The editors provide a comprehensive subject and author index and throughout the work there is a careful structure and system of referencing. While it is almost impossible to provide consistency across a wide range of essays and chapters the editors have succeeded in providing a very useful and significant addition to the literature in this field.

So this leads to my to opening areas of discussion. The first is developed a little in this book that needs further work. How do we deal with our expectations around care and our experience of care in the NHS? With it’s ever developing technology and increased skill and professionalism is the health service nurturing a culture within which people feel valued, understood and responded to? Put more simply – is the health service looking after people as well as it might ? Are there  some indications that despite our increased investment in resources people feel dissatisfied with the quality of engagement, support and compassion. Perhaps it is inconceivable and impossible to deliver but should we always try to start with the patient and the patient voice when developing a narrative for care? This is of course where chaplaincy is at its absolute strongest – it engagement, understanding and transformative presence in and through the attentive and caring relationship. Chaplaincy needs to beware  of its tendency to detach itself from the patient experience in the ever understandable necessity for organisational security and affirmation. The power is  with the patient! Professionalism is always grounded in the narrative of the experience of illness.
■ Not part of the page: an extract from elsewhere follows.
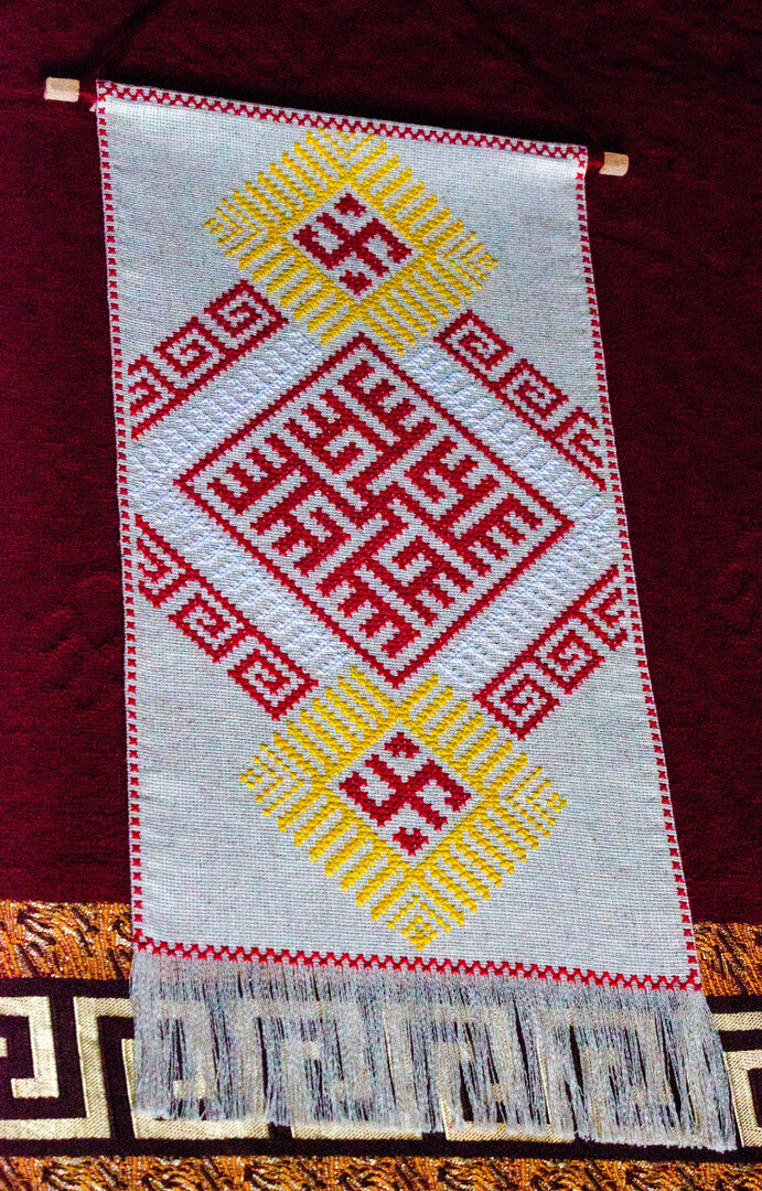 In the Centre - Odolen' Trava - The symbol, which was the main Obereg for protection against various diseases. The people believed that the illness on the person sends the evil forces, and the Double Fire Sign is capable of burning any pain and disease, cleanse the body and Soul.

The second and I admit a less obvious area of church growth is yet another area where chaplaincy may be critical in turning around the way in which individuals and groups access the spiritual (hence my organising title).Chaplains meet people where they are and on their terms within their life experience. This is an opportunity to illuminate, enlarge and connect with the spiritual – especially in times of crisis and difficulty. It may be that chaplains are altogether best placed to keep the rumour of Angels alive through their presence and engagement. Investment in agency and chaplaincy should be a key element to the churches strategy for recovering the pastoral as part of deepening spiritual connectivity and faith.
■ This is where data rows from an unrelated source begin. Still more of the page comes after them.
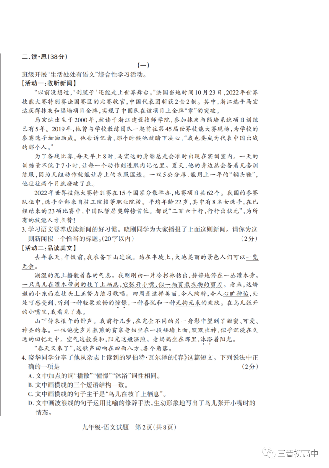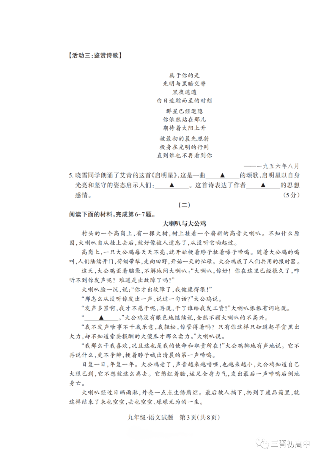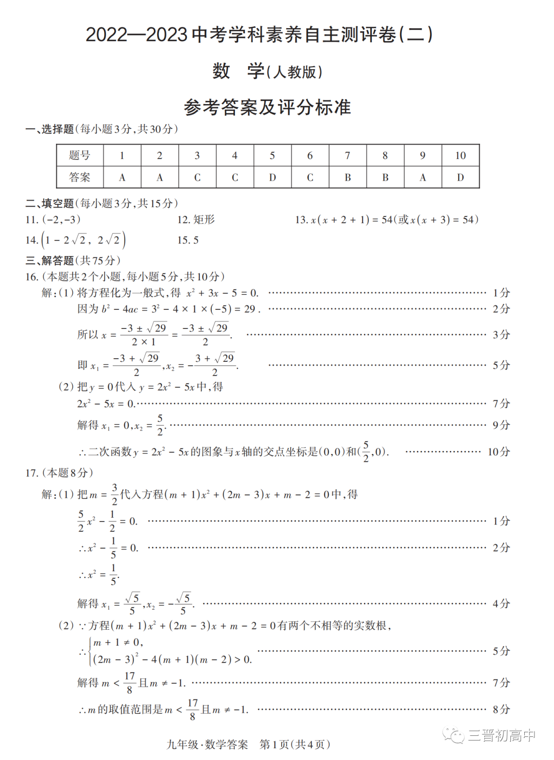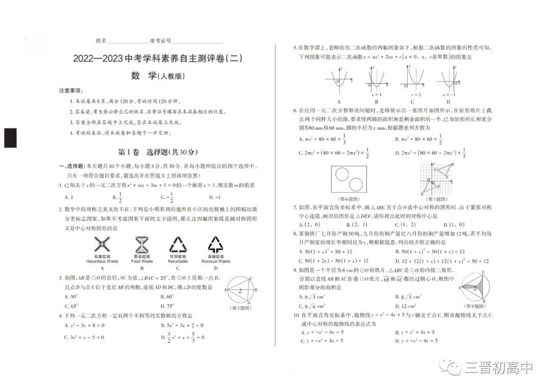 卓育云22-23中考学科素养自主测评卷全科试题及答案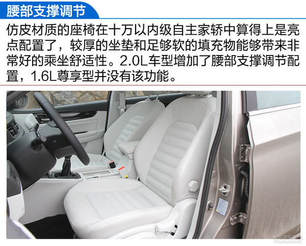 对比于同档次的1.6L车型,2.0L车型在配备上也是小的提高,提升了电子驻车作用及其坐椅腹部支撑点调整,而这种配备全是在1.6L旗舰型上才配置的,这也算作2.0L车型的一个优点。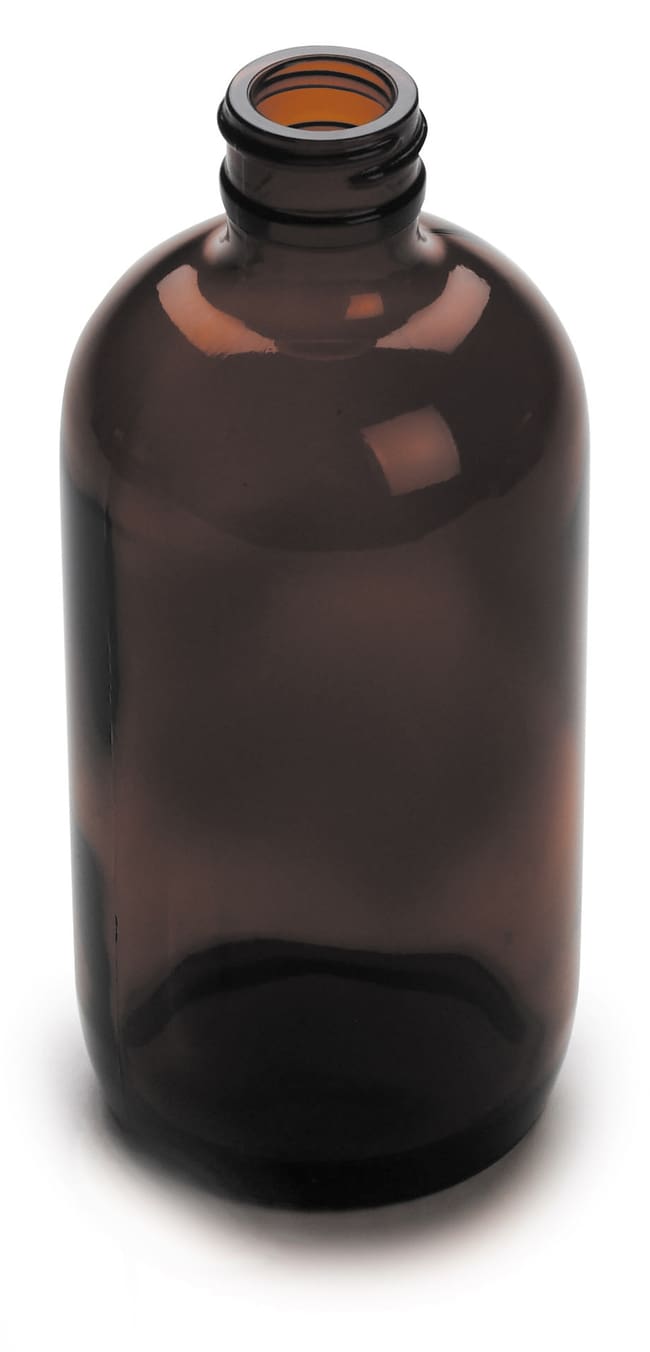 Amber glass protects contents form damaging effect of sunlight. Cap sold separately. pk/6.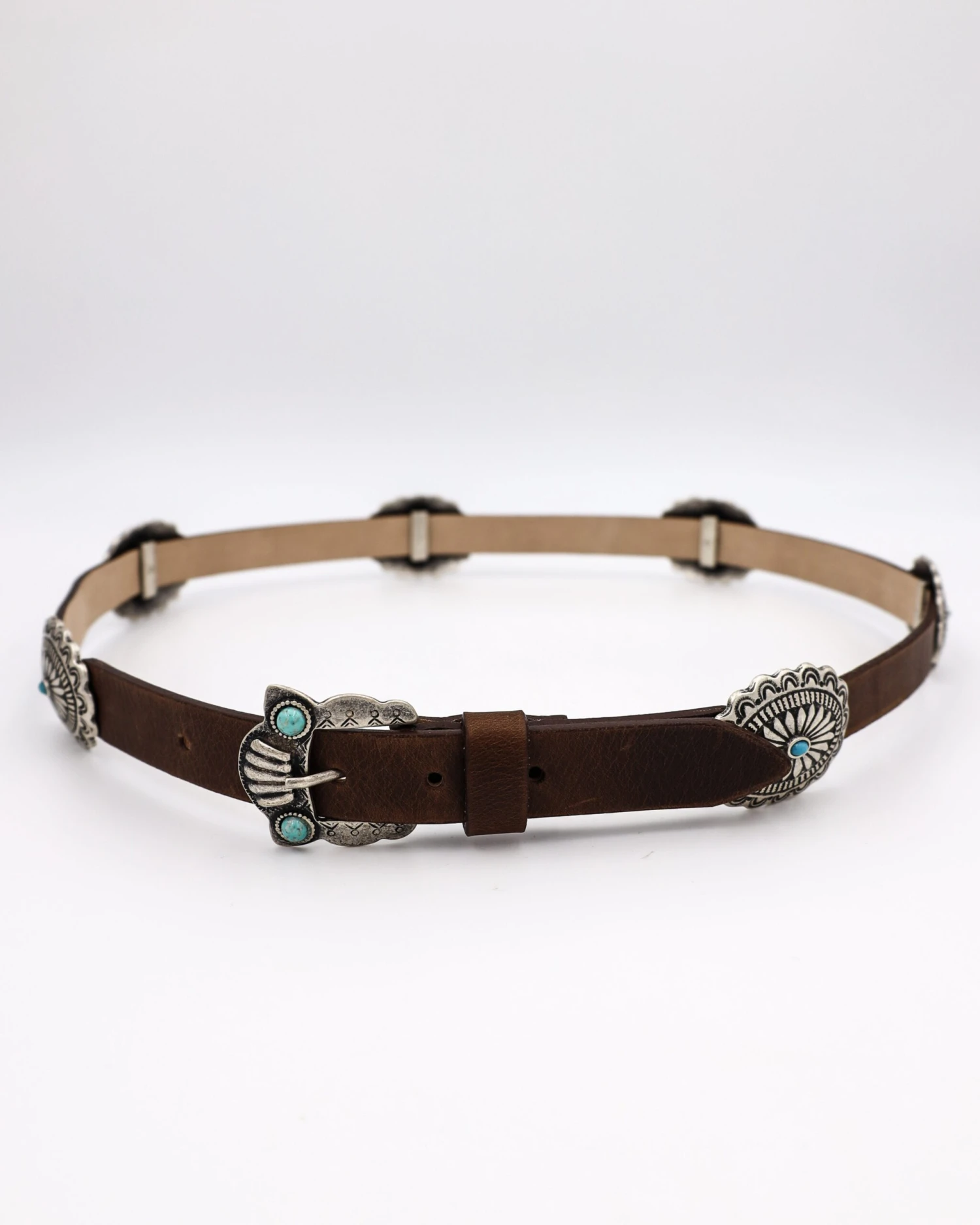 Our Concho With Turquoise Stones Belt Belt is detailed with antique silver conchos and turquoise stones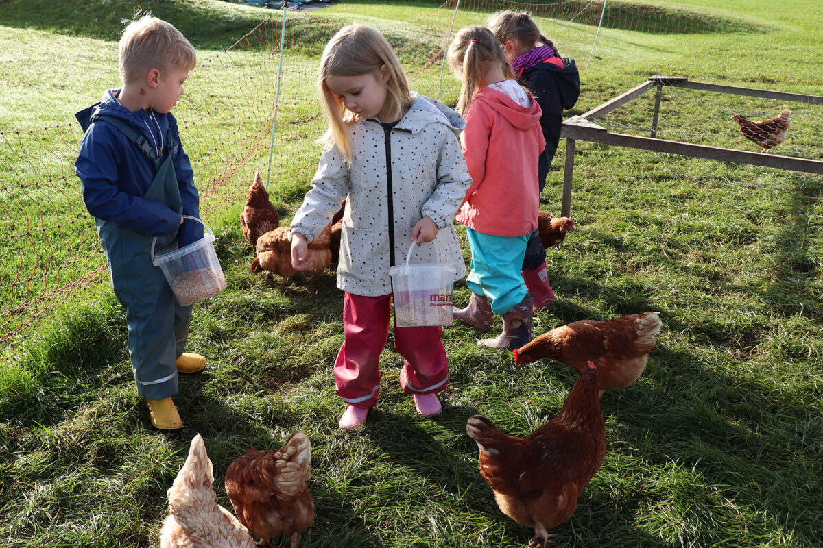 Kühe, Kälber, Hühner - keine Berührungsängste bei den Kindern

This is a very good book and I commend it as a stimulating, resourceful and informed collection of essays on care.

James Woodward

Principal Sarum College

 

 

 

9781785920363

Making the case for the relevance of pastoral care today, this book explores the role of pastoral care through the prism of music. Using musical analogies, the author provides a new way of understanding and practising pastoral care, grounded in practical theology. Challenging overemphasis on mission, he shows that pastoral care remains essential to the life of the church, especially when engaging with extreme situations such as dying, suffering or war, and considers the role of pastoral carers in the specific pastoral encounter and in the life of the church in general.

Here is my commendation

‘We live in interesting and complex times. Modernity has given us choice and freedom to shape our destiny in many, often competing, directions. The Church is only one place where the shape of human experience is opened up and attended to in our struggle to flourish. This context provides us an opportunity to reimagine how theology and its practice might contribute to well-being. Performing Pastoral Care is a serious and substantial contribution to our understanding of this practice as it calls us all to rediscover our pastoral heart with imagination and creativity. Interdisciplinary in its focus – music and theology both blend and dialogue to provide a stimulating, intelligent and well-organised narrative. The reader is asked to look outwards through a number of lenses and using a variety of methods to engage with the paradoxes and ambiguities of human experience. It succeeds in providing a significant contribution to the literature around music and pastoral theology and its carefully organised chapters offer practical tools for the resourcing of the shapes of pastoral activity and performance. I hope that it will be widely used as part of the ongoing conversation about what might need to be transformed in and through us as we seek to reach out and serve our world and its peoples. I shall be adding it to core reading lists for my students.’